I have tried hitting the "CC" button, reseting my ipad, and even deleting the tivo app and redownloading. But Closed Captioning remains on. Anyone know what to do?


----------



## moyekj

http://www.tivocommunity.com/tivo-vb/showthread.php?p=10122387#post10122387
The fix is to toggle accessibility setting on and the off again in settings.


----------



## mlsnyc

Huh... This was bugging me but didn't dig too hard looking for a solution. This one worked for me.

http://www.tivocommunity.com/tivo-vb/showthread.php?p=10125089#post10125089

In a nutshell if you have Netflix and have that set to captions on then it'll always be on for the TiVo app. You turn it off in Netflix and you can toggle it on and off in the TiVo app. Weird but it worked.


----------



## JWhites

moyekj said:


> http://www.tivocommunity.com/tivo-vb/showthread.php?p=10122387#post10122387
> The fix is to toggle accessibility setting on and the off again in settings.

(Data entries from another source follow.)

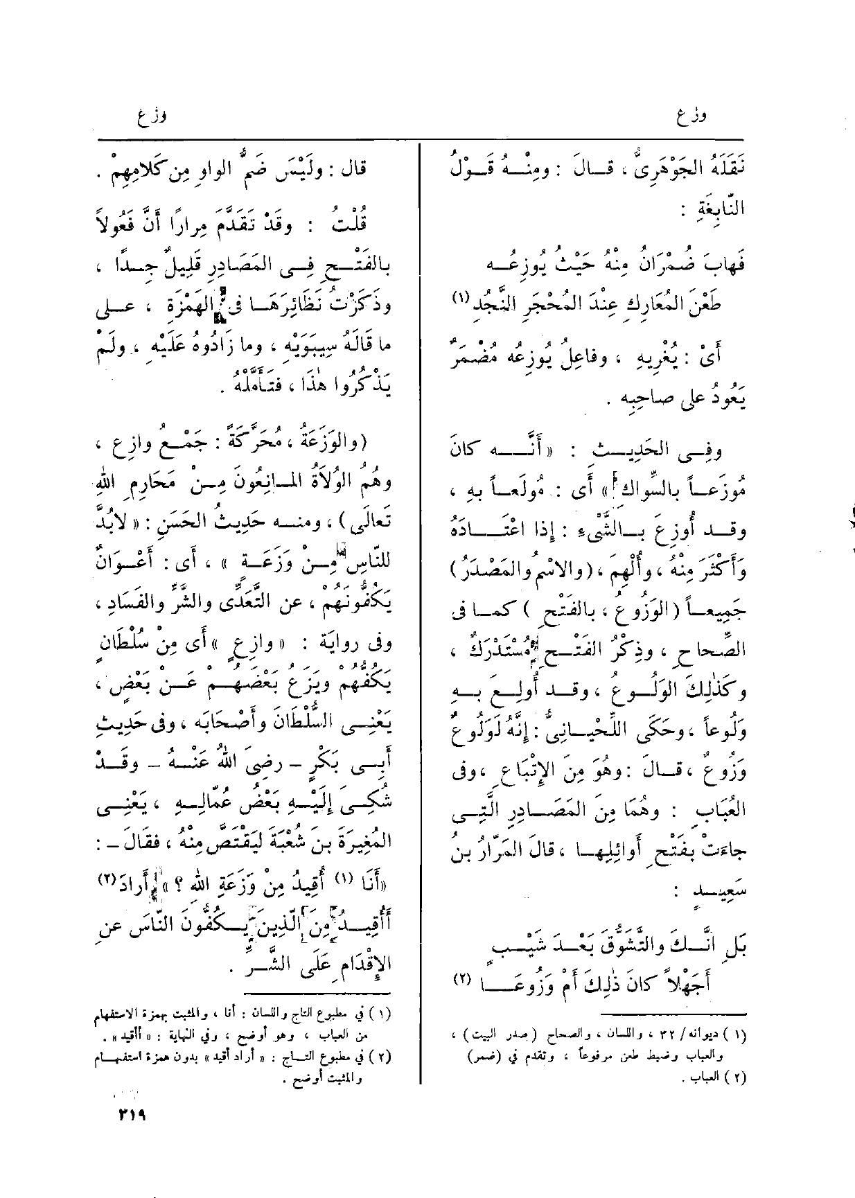 وَفِي الحَدِيث: أنَّه كانَ} مُوزَعاً بالسِّواكِ، أَي: مُولَعاً بهِ، وَقد {أُوزِعَ بالشَّيْءِ: إِذا اعْتادَهُ وأكْثَرَ مِنْهُ، وأُلْهِمَ، والاسْمُ والمَصْدَرُ جَمِيعاً} الوَزُوعُ، بالفَتْحِ كَمَا فِي الصِّحاحِ وذكْرُ الفَتْحِ مُسْتَدْرَكٌ، وكذلكَ الوَلُوعُ، وَقد أُولِعَ بهِ وَلُوعاً، وحَكَى اللِّحْيَانِيُّ: إنَّهُ لَوَلوعٌ وَزُوعٌ، قالَ: وهُوَ منَ الإتْبَاعِ، وَفِي العُبابِ: وهُمَا منَ المَصَادِرِ الّتِي جاءَتْ بفَتْحِ أوائِلِها، قالَ المَرّارُ بنُ سَعِيدٍ:)
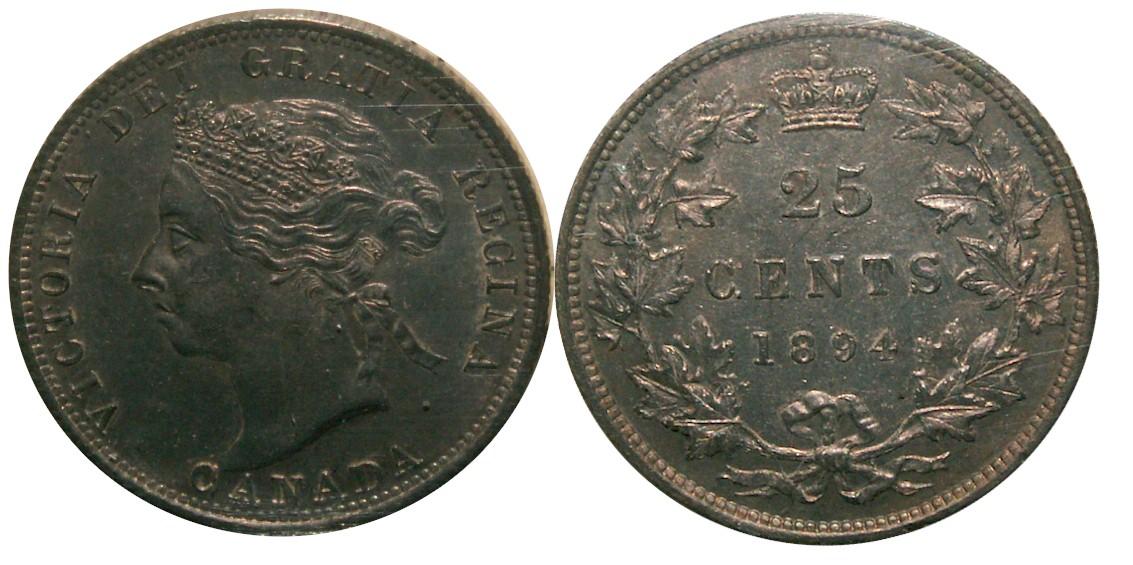 1894 25¢ ICCS MS64. Choice key date example with full lustre
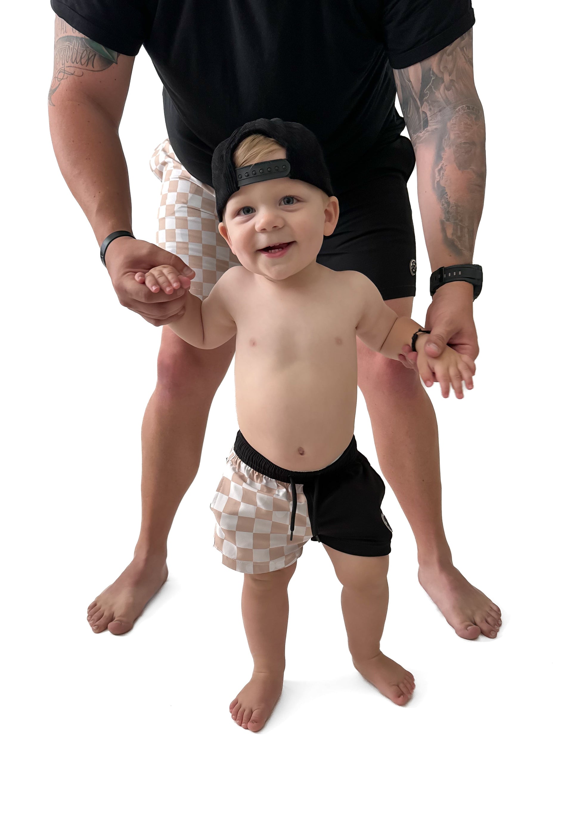 Take on the beach, the gym and all wet and dry in between. Our Hybrid Shorts feature a high quality, stretchy, water repelling material for functionality and your comfort. Match with your minis in Our Hybrid Shorts and create memories to last a lifetime!
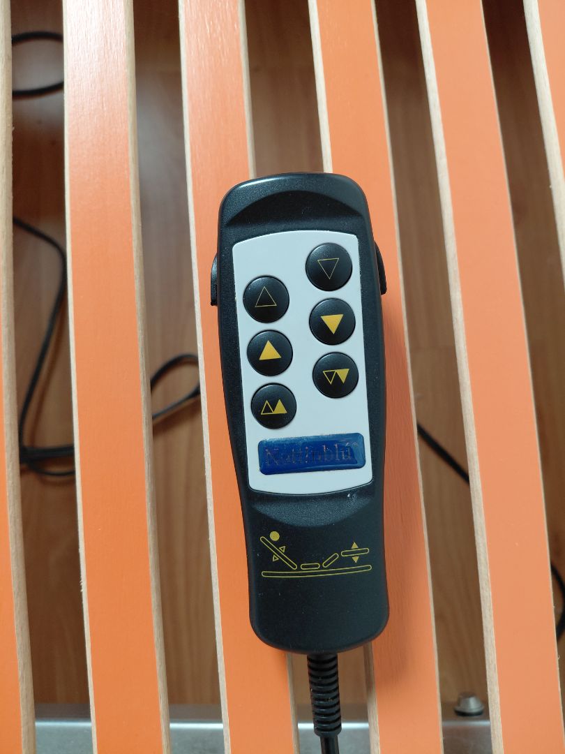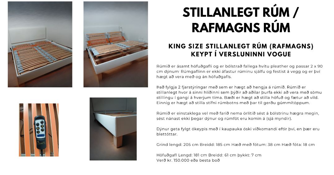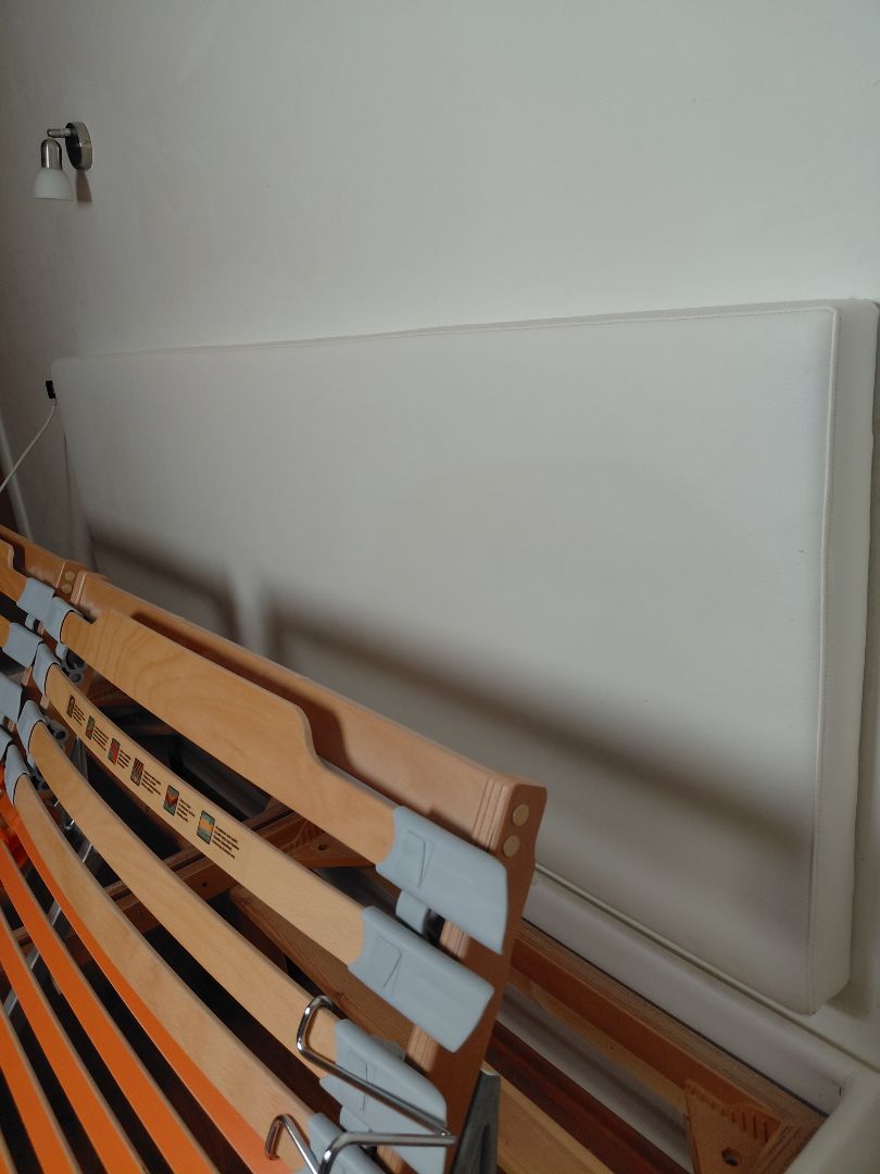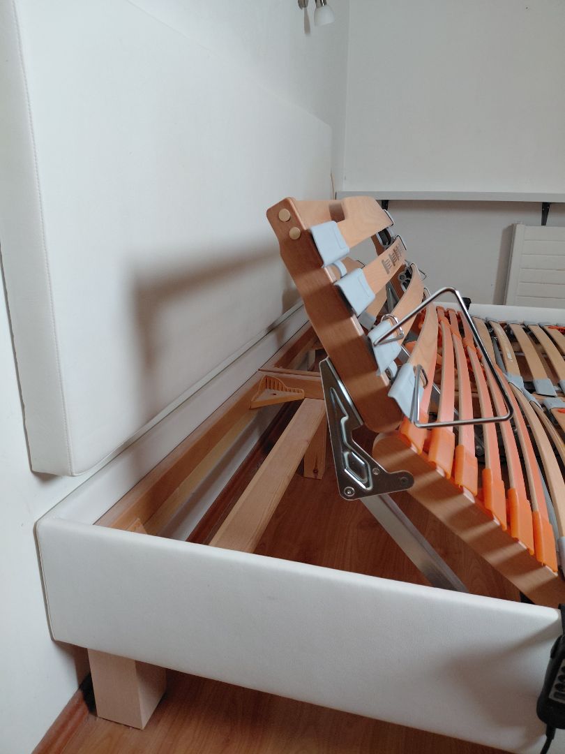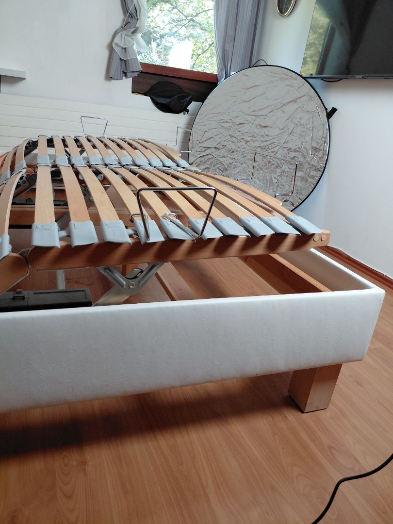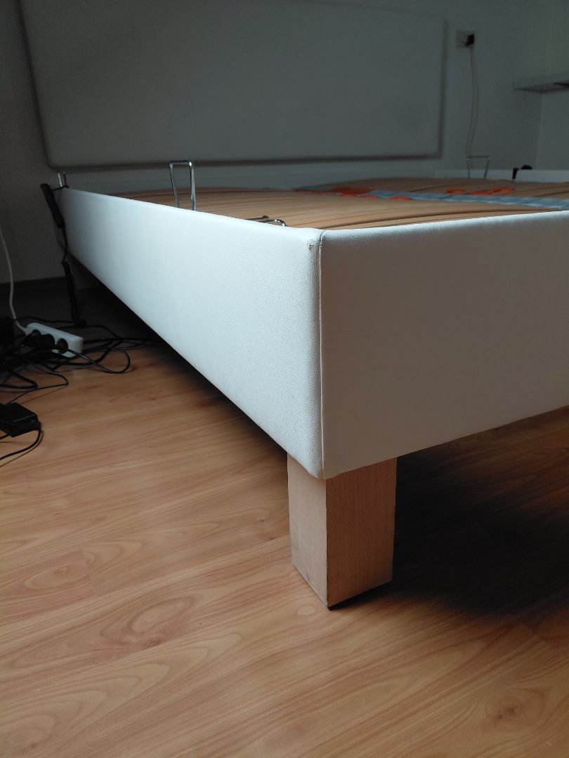 King size electric bed with a white pleather headboard and bleached oak legs purchased at Vogue. The headboard is not attached to the bed itself and is attached to the wall. The bed fits two 90 cm mattresses and is adjustable on each side so that the parties can have a different position each time. Both the head and feet can be adjusted as desired. The firmness of the bed can also be adjusted with a kind of rubber. Two remote controls are included and can be hung on the headboard.
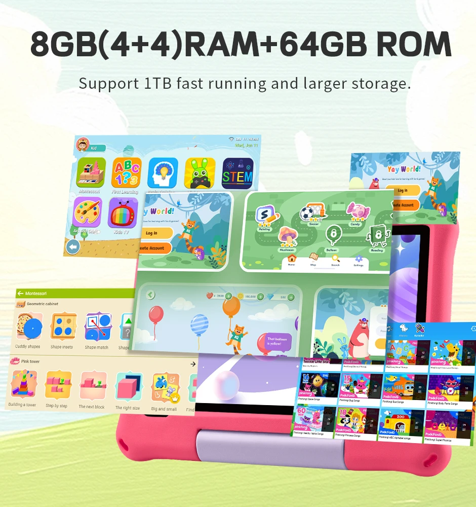 ❤【Stable Android 15 System & Powerful Octa-core CPU 】This 2025 NEWEST Android 15 Kids tablet is equipped with a high-performance octa-cores CPU, all functions have been strengthened to a new level. You will enjoy the smooth running of 8GB (4GB+4GB) RAM and 64GB ROM. Perfect for watching videos, learning, video chatting, and reading e-books easily .Unwind with your favorite apps like Disney+, Kindle, Netflix, Spotify and more through Google Play Store.

Yup. Noticed this since day one when I was running iOS 7.1.x back in July. After an app reinstall and it still not working, I ended up doing just this and it worked. It still happens from time to time regardless of iOS and app version, but it's so minor I don't mind doing it. It's not as annoying as the "Unknown Error" glitch.


----------



## jonglee

Thanks guys. I knew about the accessibility setting in the iOS Settings, but I had recently watched Narcos on Netflix with CC on and turning it off did the trick!


----------